Syrrx's high-throughput image-scanning robot. Credit: AARON FELDMAN

Mapping the detailed atomic structure of a target protein is vital for identifying drug candidates that can bind with it. Elucidating protein structure by crystallography has for years been a laborious operation carried out by specialists, but automation is now beginning to bring the process up to the speeds demanded by high-throughput systems.

Automated crystallography systems for the general research market have been available for some time from specialists such as Tecan in Männedorf, Switzerland, and BSI Proteomics of Gaithersburg, Maryland. But dedicated drug-discovery companies are now forcing the pace, with the vast majority of commercial protein crystallography done by just two companies, Syrrx and Structural GenomiX, both based in San Diego.
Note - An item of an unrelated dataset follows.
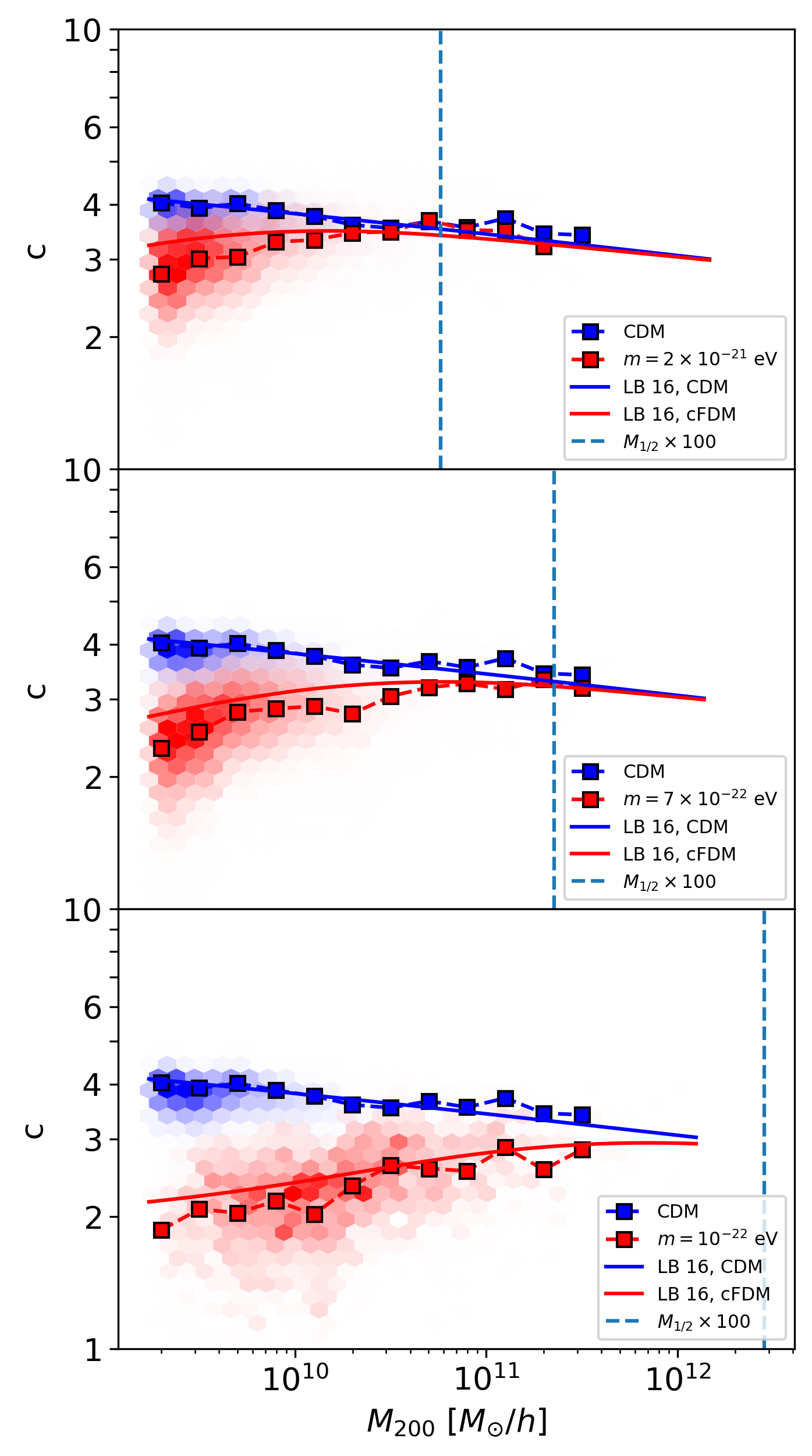 | Fig. 1: Concentration-mass relation \(c(M,z)\) in different cosmologies, for \(N\)-body, \(1024^3\) resolution, \(L_{\text{box}} = 40\) cMpc\(/h\) runs at redshift \(z=4.38\). We compare the CDM halos (blue) with cFDM halos for particle mass \(m=2\times 10^{-21}\) eV (top), \(m=7\times 10^{-22}\) eV (middle) and \(m=10^{-22}\) eV (bottom). Square markers indicate median concentrations obtained from Einasto best-fits while the color of each hexbin is proportional to the number of halos whose Einasto concentration falls therein. “LB 16, CDM” and “LB 16, cFDM” show an analytical model prediction from Ludlow et al 2016 for model parameters \(f=0.02\) and \(C=650\). |

Syrrx wants to automate every stage of protein-structure determination. It deploys a family of whimsically named robots, beginning with a high-throughput robot called Sonic Hedgehog that can purify about 100 proteins in five hours. The proteins are then crystallized by Agincourt, a robot named for English king Henry V's application of superior technology to overcome extreme odds. Agincourt crystallizes proteins from droplets of just 50 nanolitres, about a fortieth of the volume of previous systems. “Everything is miniaturized,” says business development director Ned David. “These droplets enable our whole approach to work in a way that is economically feasible. You can't do nano-drops without automation because you can't set your pipette for 50 nanolitres.”

To match the demands of Agincourt, Syrrx has two imaging-station robots called Fort Knox and Fort Bliss, each capable of scanning over a million images a day for suitable protein crystals. These are then taken to Syrrx's dedicated synchrotron beamline at the Advanced Light Source in Berkeley for X-ray diffraction. Data are collected by another robot called Robohutch, which David says can increase throughput at this stage tenfold.

There is still scope for further automation, particularly in the first stages of protein production. Syrrx is investigating how more mammalian proteins can be made in eukaryotic cell systems, rather than from genes cloned in bacteria.